A acção pretende denunciar a recusa da EDP em conceder aumentos salariais, apesar de ser uma empresa com milhões de euros de lucros e que distribui avultados dividendos.

CréditosEstela Silva / Lusa

O protesto aconteceu durante a manhã desta segunda-feira em simultâneo em Lisboa, Porto e Coimbra. Os trabalhadores da EDP mobilizaram-se para dar uma resposta pública e demonstrar o seu descontentamento com a atitude que a administração tem tomado nas negociações salariais para 2021.

«Enquanto os lucros EDP crescem, os trabalhadores empobrecem. Exigimos salários justos», lia-se numa das faixas levantadas esta manhã pelos funcionários que participavam na concentração em frente das instalações da EDP, exigindo «ser ouvidos» e, acima de tudo, «respeitados e valorizados».

Em declarações à RTP, Miguel Ângelo, dirigente do Sindicato dos Trabalhadores das Indústrias Transformadoras, Energia e Actividades do Ambiente do Norte (SITE Norte/CGTP-IN), afirmou que a proposta da administração podia ser uma «brincadeira», uma vez que uma empresa como a EDP, que regista 810 milhões de euros de lucros no grupo e distribui dividendos de 775 milhões, não pode chegar a uma mesa negocial e recusar aumentos salariais.

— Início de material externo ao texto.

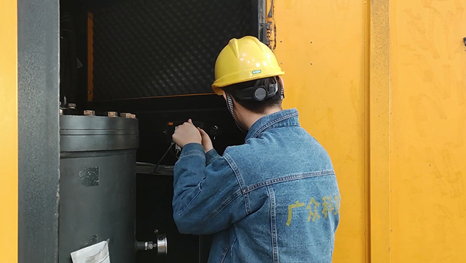 廣眾工程師在現(xiàn)場安裝空壓機(jī)斷油保護(hù)裝置
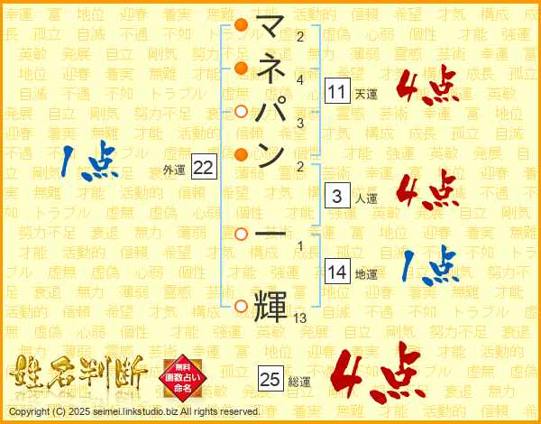 マネパン一輝さんの総運は25画の4点!

«Estamos aqui a pedir um donativo àqueles que passam», ironizou o dirigente. «A EDP precisa de uma ajuda para dar aumentos aos seus trabalhadores.» Lembrando que estes deram «o seu máximo» apesar da crise sanitária e de muitos estarem em teletrabalho, com as dificuldades que adiveram de conjugar a vida pessoal com a profissional, Miguel Ângelo considera «inadmissível» que seja esta a resposta a dar aos trabalhadores.

O dirigente lembra ainda que a mesma empresa vai oferecer 800 mil euros por ano, durante três anos, ao ex-administrador António Mexia para este não assinar pela concorrência. «É uma grande contradição, dizer que não tem nada para dar aos seus trabalhadores.»